PROBLEM TO WORK ON: Set the material down again exactly, line by line, skipping each picture.

PROVIDED ENTRIES:
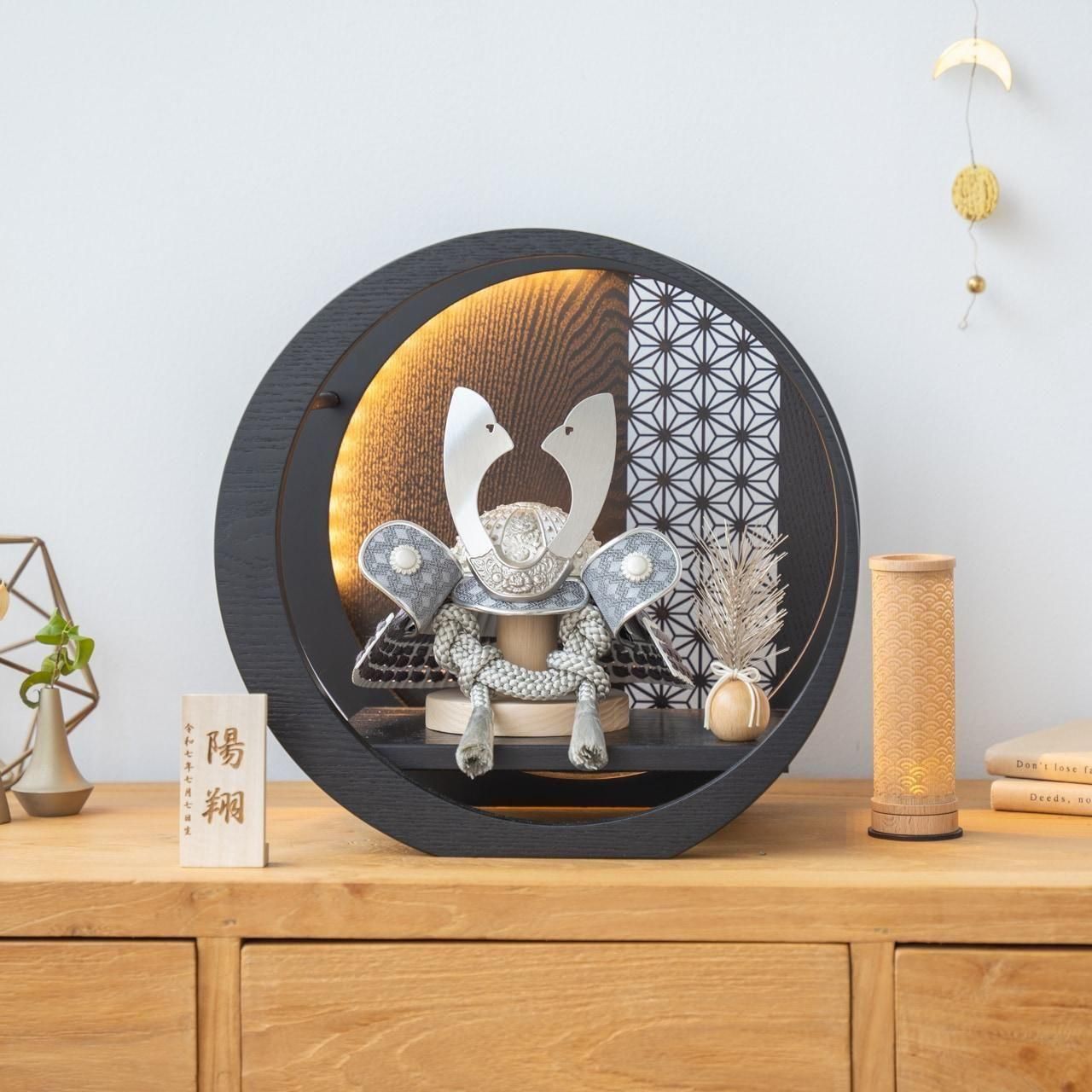 実際に手に取ると天然木の素材ならではの優しいぬくもりが伝わります。てづくり工房「木都」の職人が、伝統工芸の技術と天然木の素材を活かし、真心込めて1つ1つ丁寧につくりました。親しみやすく、お子様と一緒に飾れる「ことのおぼこ兜」です。※ 細かい部品が含まれています。3歳未満のお子様は、保護者の方と一緒にお遊びください。コンパクトでちょうどいいサイズコンパクトでちょうどいいサイズ今どきのおうちに合わせたコンパクトなサイズに仕上げました。飾るスペースが狭くなりがちなマンションや子ども部屋にもぴったり。伝統的な兜をモダンに仕上げたシンプルなデザイン伝統的な兜をモダンに仕上げたシンプルなデザイン伝統的な製法で作られた兜に天然木の素材を活かしたシンプルなデザインの兜です。モダンでシンプルなデザインは、どんなお部屋の雰囲気にもピッタリ。丸みを帯びた親しみやすいフォルム丸みを帯びた親しみやすいフォルム吹き返しやまびさし、鍬形にいたるまで、全体的に丸みを帯びた形状に仕上げました。伝統的な兜でありながら、親しみやすさを感じる兜です。選び抜いた素材と手間をかけた技法でつくる兜鉢選び抜いた素材と手間をかけた技法でつくる兜鉢ことのおぼこ兜の兜鉢は、伝統的な本式の合せ鉢という技法でつくられています。本式の合せ鉢とは、戦国時代に頭部を守るために考案され、三角状の鉢部品を重ね合わせ、多数の星鋲をカシメる事で強度を高める技法です。健やかな成長への願いを込めた麻の葉文様健やかな成長への願いを込めた麻の葉文様古来からの日本伝統の吉祥文様である麻の葉文様。麻の丈夫さ・成長の早さにあやかり、お子さまの健やかな成長への願いが込められています。お子さまの感性を育む天然木へのこだわりお子さまの感性を育む天然木へのこだわり素材には、タモ、ブナといった天然木を使用。お子さまへの一生に一度の贈り物だから、木都は自然素材の天然木にこだわり続けています。※ 生産時期により使用する素材が一部変更になる場合がございます。熟練の職人による確かな手仕事熟練の職人による確かな手仕事伝統工芸の技術を受け継ぐ日本国内の熟練の職人が、一つひとつ丁寧に手づくりしています。おしゃれなギフト包装でお届けしますおしゃれなギフト包装でお届けします和の雰囲気を感じさせる越前和紙のギフト用ラッピングでお届け。料金がわかるものもお入れしていないので、そのまま贈り物として利用できます。商品レビュー記入でもれなくもらえる天然木のミニ名前札プレゼント商品レビュー記入でもれなくもらえる天然木のミニ名前札プレゼントミニサイズのお名前札 (通常販売価格1,980円) をプレゼント♪商品到着後、商品レビューをご記入の上、商品と同梱のチラシ記載のQRコードから応募フォームへ必要事項をご入力ください。店舗よりレビュー特典を発送いたします。※ お名前札の生年月日の表記は和暦となります。(例:令和七年)商品のご注文へ収納方法とセット内容兜・鍬形・芯木・松・飾り台・電源ケーブル素材:タモサイズ:W300mm × D195mm × H290mm梱包時:W340mm × D240mm × H330mm兜のみ:約 W180mm × D140mm × H130mm注意事項甲冑について飾り付ける際に必ず手袋をご使用ください。錆や変色などの予防にもなります。本品の上には絶対に乗らないでください。本品または本品の部品は装飾品です。他の目的に使用しないで下さい。部品には小さなものがございます。お子様がお口に入れないようにご注意いください。木製品について色合いなど実際のものと写真とでは多少の誤差が生じる場合がございます。また、手作りであり天然木を使用している為、多少の仕様の変化や風合いがひとつひとつ異なります。あらかじめご了承ください。部品には小さなものがございます。お子様がお口に入れないようにご注意いください。菖蒲には針金が入っております。お好みで角度を調整して下さい。材質により刻印の濃淡に差が生じますが不良品ではございません。木製品である限り自然なこととご承知下さいませ。保管場所は変色やカビ、サビの原因になりますので湿気の少ない場所・直射日光の当たらない場所に保管してください。ご不明点がございましたら > お問い合わせページ からご相談ください。
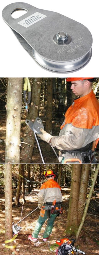 - Cette poulie de déviation vous permet de dévier la trajectoire d'une bille de bois tirée afin d'éviter des obstacles infranchissables ou pour la positionner parallèlement au sentier.
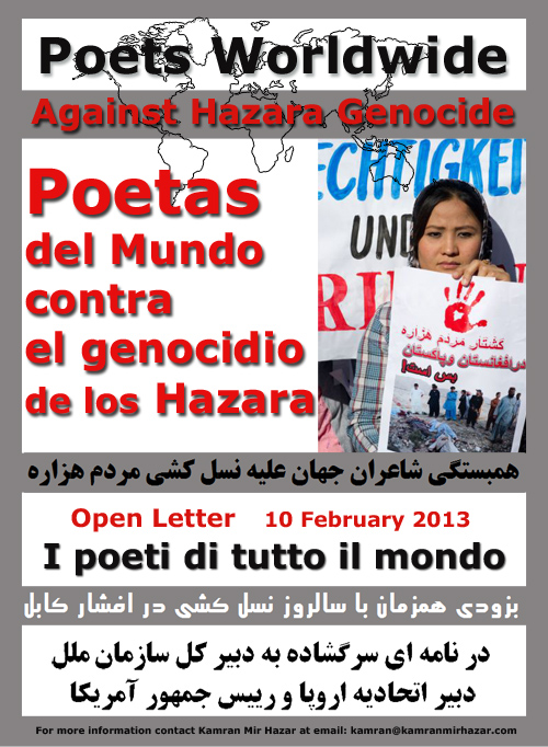 کابل پرس?: بزودی صدها تن از شاعران جهان همزمان با سالروز نسل کشی در منطقه ی افشار شهر کابل، در حرکتی هماهنگ، نامه ای سرگشاده را خطاب به دبیر کل سازمان ملل متحد، دبیر اتحادیه ی اروپا و رییس جمهور آمریکا منتشر خواهند کرد. در این نامه، شاعران جهان ضمن اعلام همبستگی با مردم هزاره و محکومیت دو قرن ارتکاب شدید ترین جنایات ضد بشری علیه آنان، خطاب به مقامات بین المللی خواسته های مشخص خود را برای توقف کامل این جنایات طرح کرده اند. این نامه که تاکنون به امضای بیش از 217 شاعر از بیش از 60 کشور جهان رسیده، روز یکشنبه دهم فبروری سال روان میلادی، همزمان با سالروز نسل کشی در منطقه ی افشار شهر کابل، به زبان های دری، انگلیسی، اسپانیایی و ایتالیایی در اختیار رسانه ها و افکار عمومی قرار خواهد گرفت.
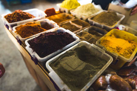 Variety of spices on the arab street market
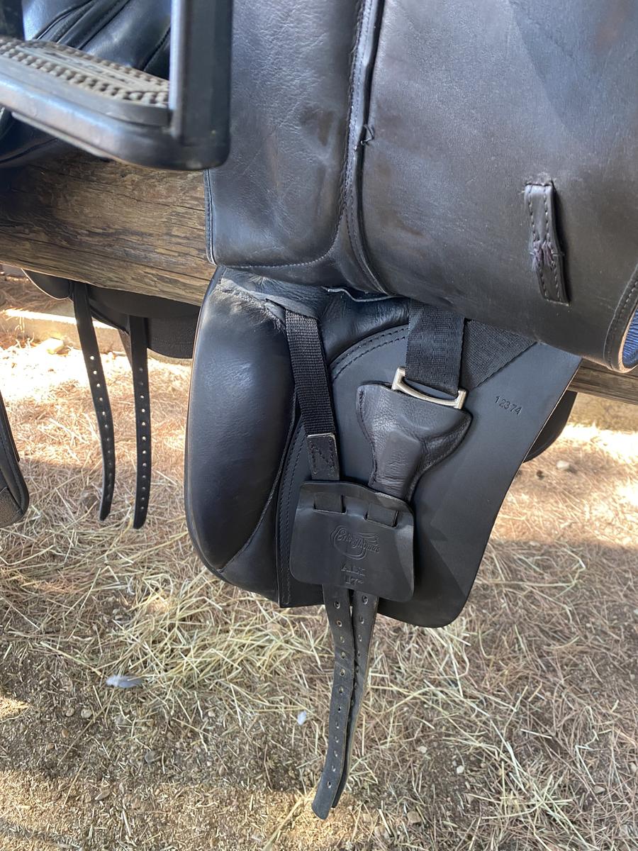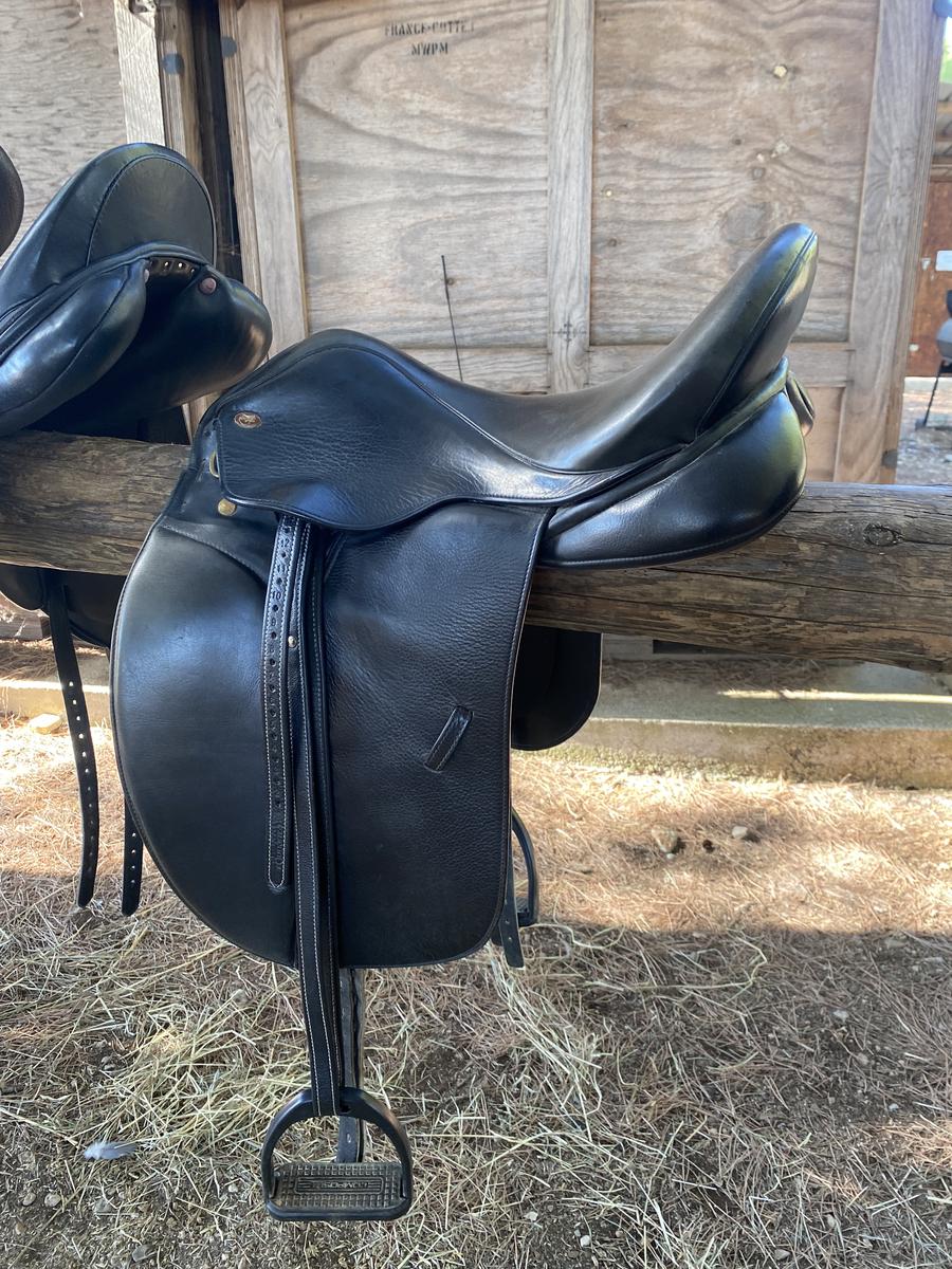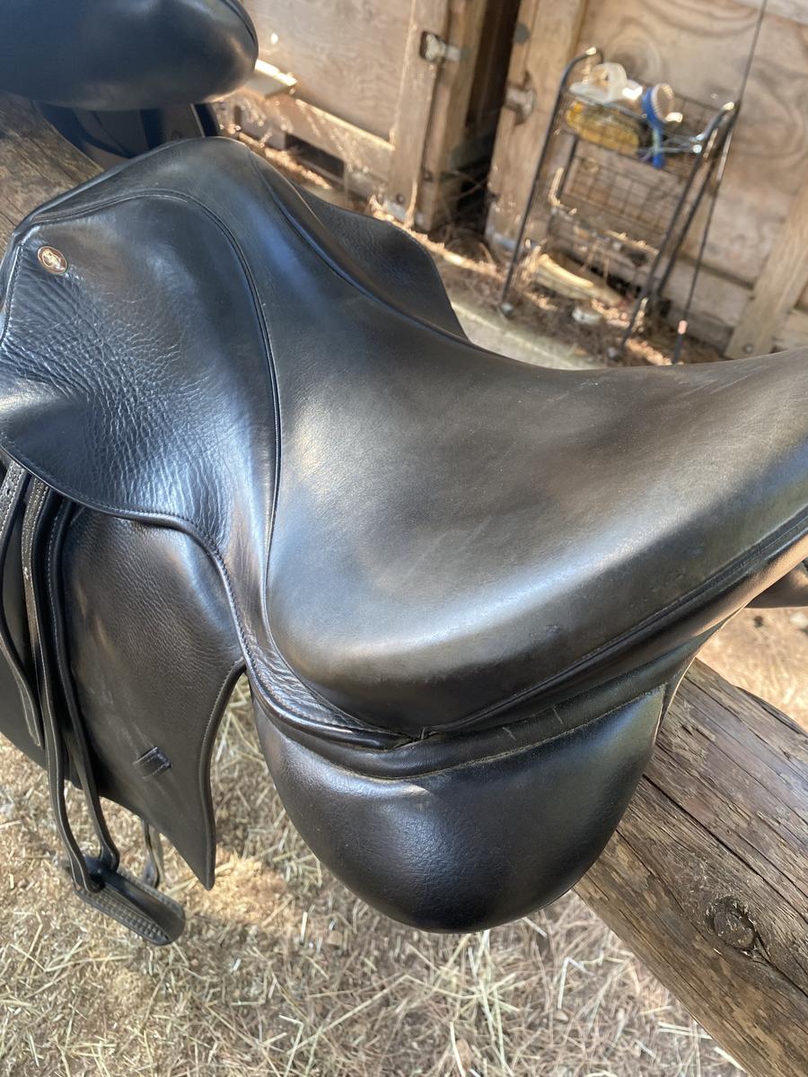 C’est une selle de dressage noir en 17 pouces en très bon état qui date de 2018. À vendre 640€ au lieu de 1135€ neuf.

ANSWER FOR THIS EXERCISE:
 実際に手に取ると天然木の素材ならではの優しいぬくもりが伝わります。てづくり工房「木都」の職人が、伝統工芸の技術と天然木の素材を活かし、真心込めて1つ1つ丁寧につくりました。親しみやすく、お子様と一緒に飾れる「ことのおぼこ兜」です。※ 細かい部品が含まれています。3歳未満のお子様は、保護者の方と一緒にお遊びください。コンパクトでちょうどいいサイズコンパクトでちょうどいいサイズ今どきのおうちに合わせたコンパクトなサイズに仕上げました。飾るスペースが狭くなりがちなマンションや子ども部屋にもぴったり。伝統的な兜をモダンに仕上げたシンプルなデザイン伝統的な兜をモダンに仕上げたシンプルなデザイン伝統的な製法で作られた兜に天然木の素材を活かしたシンプルなデザインの兜です。モダンでシンプルなデザインは、どんなお部屋の雰囲気にもピッタリ。丸みを帯びた親しみやすいフォルム丸みを帯びた親しみやすいフォルム吹き返しやまびさし、鍬形にいたるまで、全体的に丸みを帯びた形状に仕上げました。伝統的な兜でありながら、親しみやすさを感じる兜です。選び抜いた素材と手間をかけた技法でつくる兜鉢選び抜いた素材と手間をかけた技法でつくる兜鉢ことのおぼこ兜の兜鉢は、伝統的な本式の合せ鉢という技法でつくられています。本式の合せ鉢とは、戦国時代に頭部を守るために考案され、三角状の鉢部品を重ね合わせ、多数の星鋲をカシメる事で強度を高める技法です。健やかな成長への願いを込めた麻の葉文様健やかな成長への願いを込めた麻の葉文様古来からの日本伝統の吉祥文様である麻の葉文様。麻の丈夫さ・成長の早さにあやかり、お子さまの健やかな成長への願いが込められています。お子さまの感性を育む天然木へのこだわりお子さまの感性を育む天然木へのこだわり素材には、タモ、ブナといった天然木を使用。お子さまへの一生に一度の贈り物だから、木都は自然素材の天然木にこだわり続けています。※ 生産時期により使用する素材が一部変更になる場合がございます。熟練の職人による確かな手仕事熟練の職人による確かな手仕事伝統工芸の技術を受け継ぐ日本国内の熟練の職人が、一つひとつ丁寧に手づくりしています。おしゃれなギフト包装でお届けしますおしゃれなギフト包装でお届けします和の雰囲気を感じさせる越前和紙のギフト用ラッピングでお届け。料金がわかるものもお入れしていないので、そのまま贈り物として利用できます。商品レビュー記入でもれなくもらえる天然木のミニ名前札プレゼント商品レビュー記入でもれなくもらえる天然木のミニ名前札プレゼントミニサイズのお名前札 (通常販売価格1,980円) をプレゼント♪商品到着後、商品レビューをご記入の上、商品と同梱のチラシ記載のQRコードから応募フォームへ必要事項をご入力ください。店舗よりレビュー特典を発送いたします。※ お名前札の生年月日の表記は和暦となります。(例:令和七年)商品のご注文へ収納方法とセット内容兜・鍬形・芯木・松・飾り台・電源ケーブル素材:タモサイズ:W300mm × D195mm × H290mm梱包時:W340mm × D240mm × H330mm兜のみ:約 W180mm × D140mm × H130mm注意事項甲冑について飾り付ける際に必ず手袋をご使用ください。錆や変色などの予防にもなります。本品の上には絶対に乗らないでください。本品または本品の部品は装飾品です。他の目的に使用しないで下さい。部品には小さなものがございます。お子様がお口に入れないようにご注意いください。木製品について色合いなど実際のものと写真とでは多少の誤差が生じる場合がございます。また、手作りであり天然木を使用している為、多少の仕様の変化や風合いがひとつひとつ異なります。あらかじめご了承ください。部品には小さなものがございます。お子様がお口に入れないようにご注意いください。菖蒲には針金が入っております。お好みで角度を調整して下さい。材質により刻印の濃淡に差が生じますが不良品ではございません。木製品である限り自然なこととご承知下さいませ。保管場所は変色やカビ、サビの原因になりますので湿気の少ない場所・直射日光の当たらない場所に保管してください。ご不明点がございましたら > お問い合わせページ からご相談ください。
 - Cette poulie de déviation vous permet de dévier la trajectoire d'une bille de bois tirée afin d'éviter des obstacles infranchissables ou pour la positionner parallèlement au sentier.
 کابل پرس?: بزودی صدها تن از شاعران جهان همزمان با سالروز نسل کشی در منطقه ی افشار شهر کابل، در حرکتی هماهنگ، نامه ای سرگشاده را خطاب به دبیر کل سازمان ملل متحد، دبیر اتحادیه ی اروپا و رییس جمهور آمریکا منتشر خواهند کرد. در این نامه، شاعران جهان ضمن اعلام همبستگی با مردم هزاره و محکومیت دو قرن ارتکاب شدید ترین جنایات ضد بشری علیه آنان، خطاب به مقامات بین المللی خواسته های مشخص خود را برای توقف کامل این جنایات طرح کرده اند. این نامه که تاکنون به امضای بیش از 217 شاعر از بیش از 60 کشور جهان رسیده، روز یکشنبه دهم فبروری سال روان میلادی، همزمان با سالروز نسل کشی در منطقه ی افشار شهر کابل، به زبان های دری، انگلیسی، اسپانیایی و ایتالیایی در اختیار رسانه ها و افکار عمومی قرار خواهد گرفت.
 Variety of spices on the arab street market
 C’est une selle de dressage noir en 17 pouces en très bon état qui date de 2018. À vendre 640€ au lieu de 1135€ neuf.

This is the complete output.